** Task instructions **
Your reply should set down word for word each line below from the one with "Motor nucleus has" through the final line, both included, but none of the pictures.

** Raw data **
============================================================

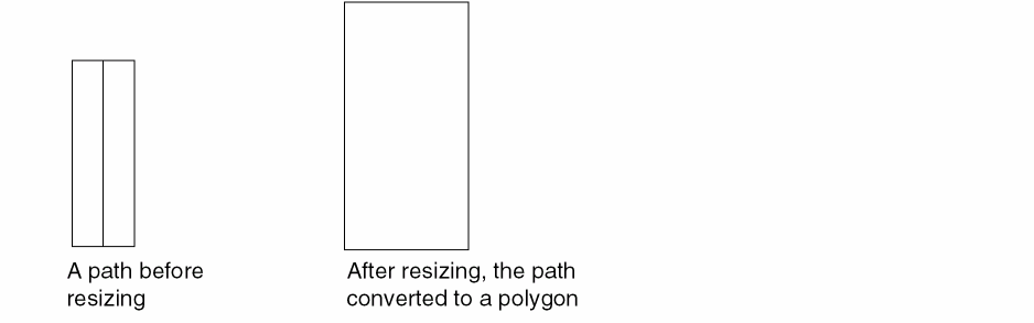 When you resize an object such as a path by using size, the object is converted to a polygon. When you use the Layer Generation form, the original path remains and the new object on the new layer is converted to a rectangle or a polygon.
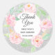 Un autocollant "merci" pour un baby shower. Ce joli autocollant a une parties scintillant argentée scintille arrière - plan, élégant texte gris foncé, et une frise rose/pêche rousse et vert aquarelle florale bordé de couronnes. Personnalisez en ajoutant votre propre texte, nom et date de baby shower. Vous pouvez même modifier la couleur du texte et le style de police à l'aide de l'option personnaliser.
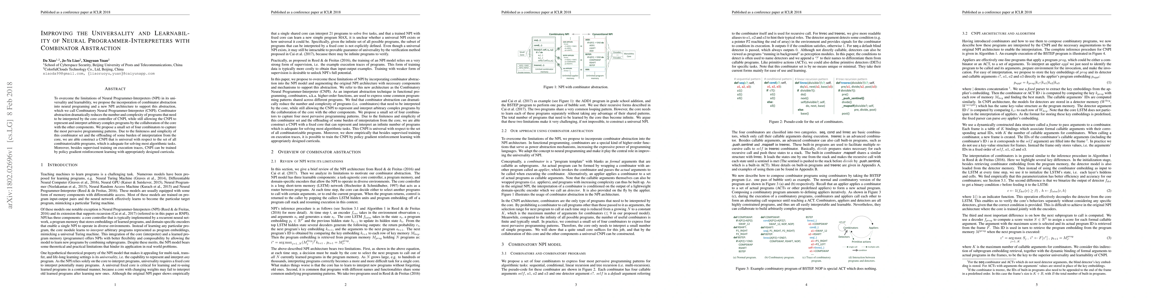 This paper proposes the Combinatory Neural Programmer-Interpreter (CNPI) to enhance the universality and learnability of Neural Programmer-Interpreters (NPI) by incorporating combinator abstraction. The CNPI architecture, supported by a small set of four combinators, reduces program complexity and enables the interpretation of complex programs while being universal for most algorithmic tasks.
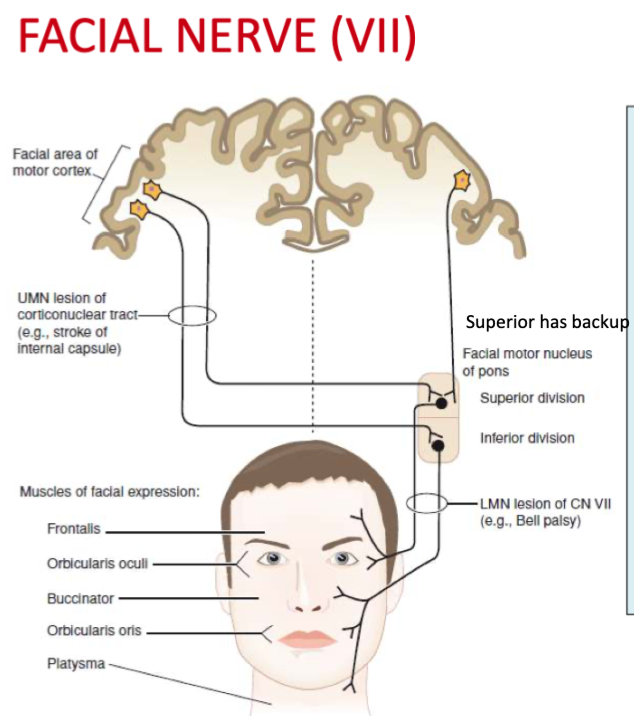 Motor nucleus has a superior and inferior divisions which innervate upper and lower facial muscle respectively
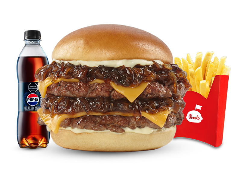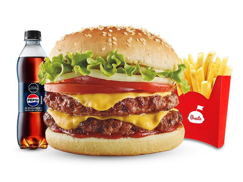 Hamburguesa doble carne de 208gr (104gr c/carne) con doble queso, cebolla, tomate, lechuga, salsa presto y de tomate, 1 papas medianas, 1 gaseosa 400.
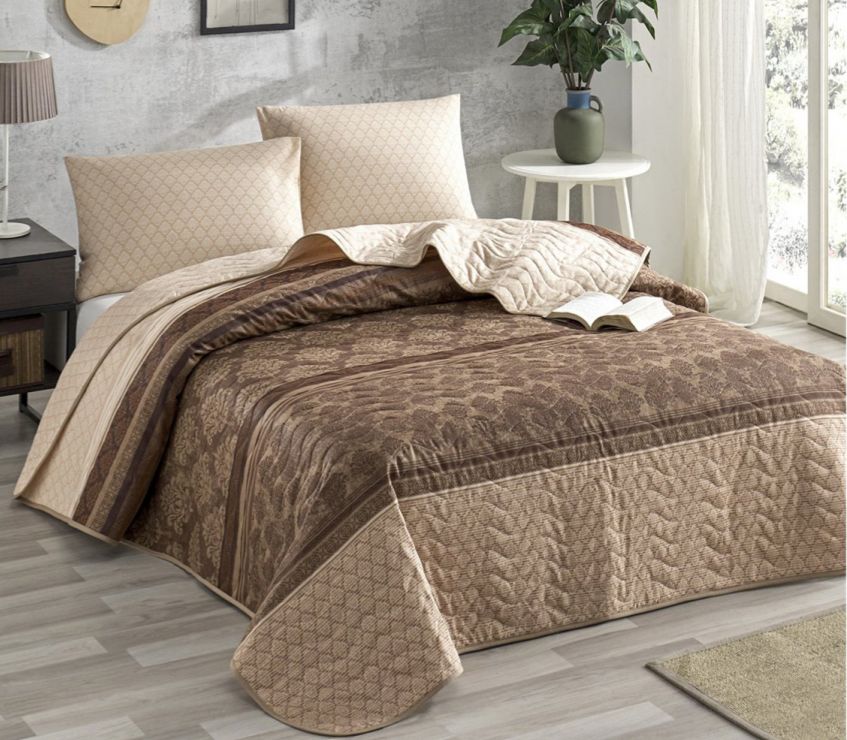 Стеганное покрывало Eponj Home Creative kahve с наволочками
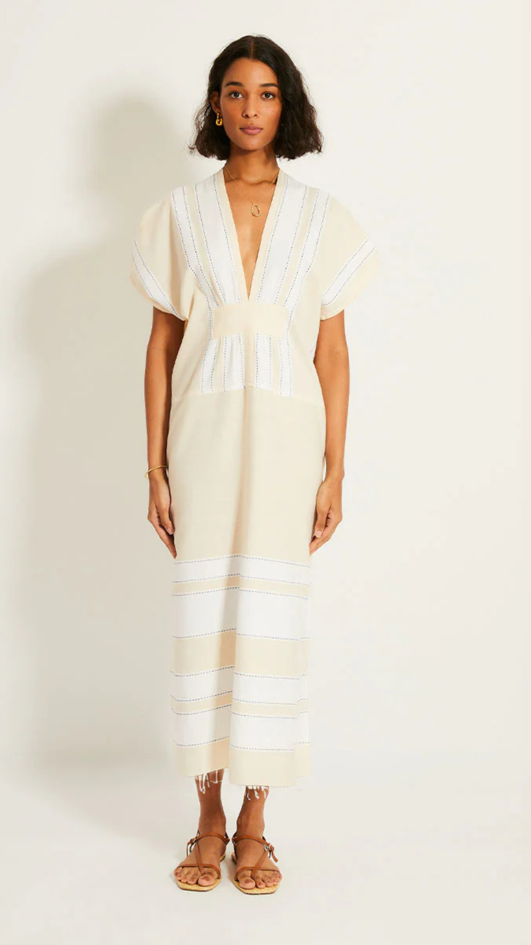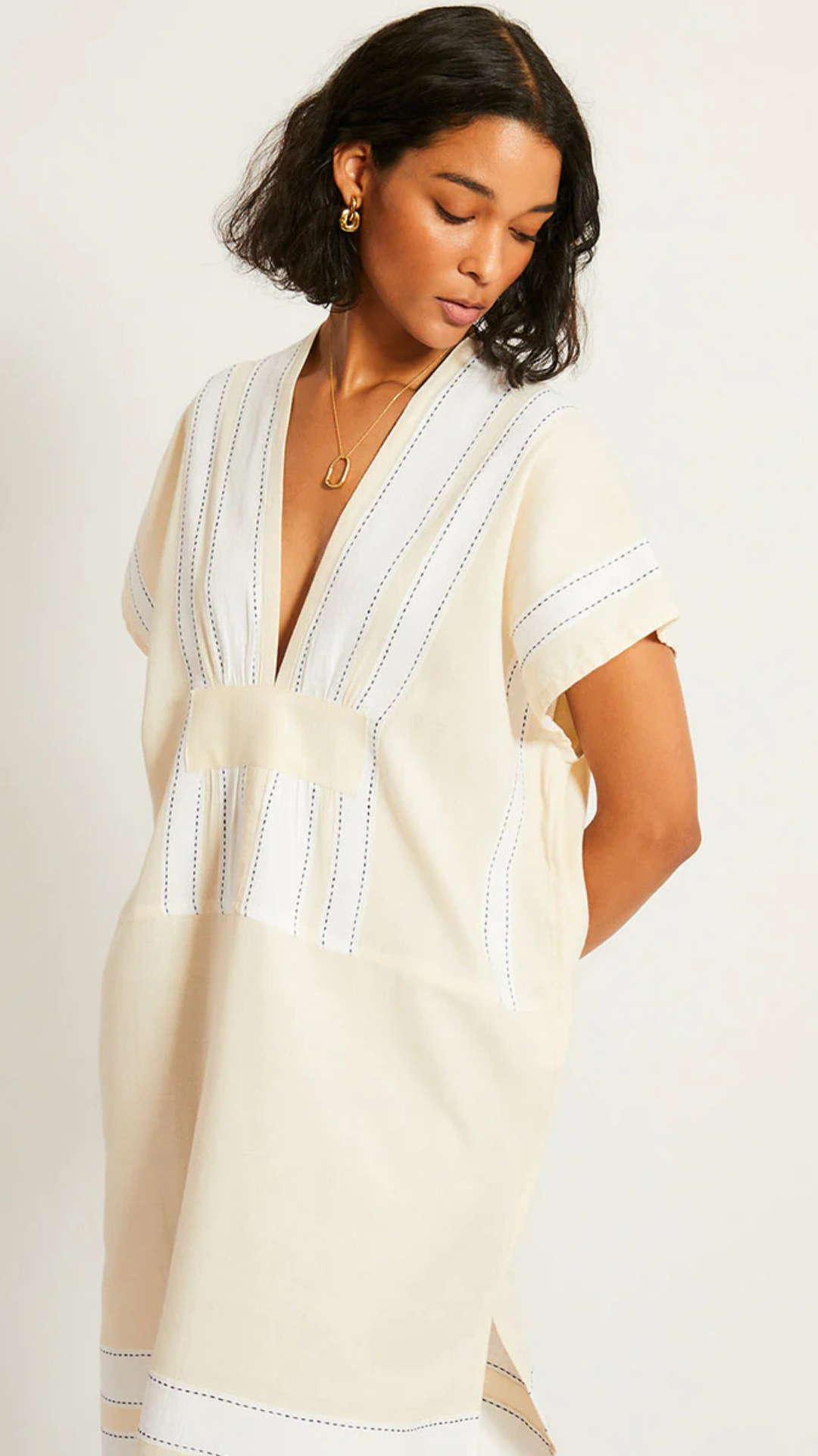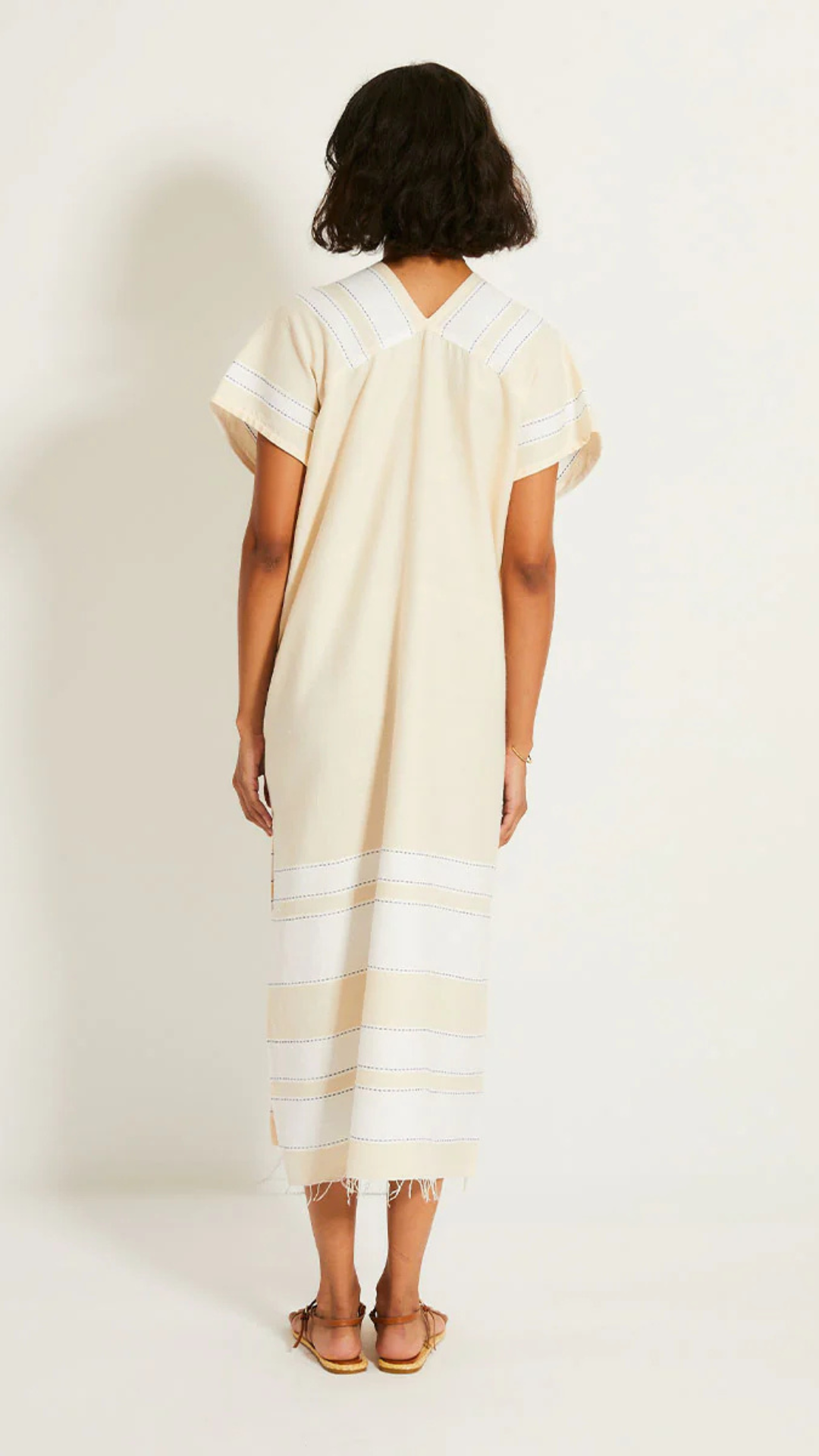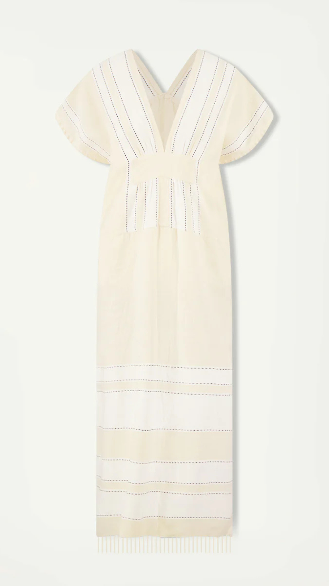 This long caftan dress features a V neckline, kimono cap sleeves and a gathered empire waist. The dressβs easy fit creates an hourglass silhouette highlighted by the gradual flowy hem.

============================================================

** Response to this exercise **
 Motor nucleus has a superior and inferior divisions which innervate upper and lower facial muscle respectively
 Hamburguesa doble carne de 208gr (104gr c/carne) con doble queso, cebolla, tomate, lechuga, salsa presto y de tomate, 1 papas medianas, 1 gaseosa 400.
 Стеганное покрывало Eponj Home Creative kahve с наволочками
 This long caftan dress features a V neckline, kimono cap sleeves and a gathered empire waist. The dressβs easy fit creates an hourglass silhouette highlighted by the gradual flowy hem.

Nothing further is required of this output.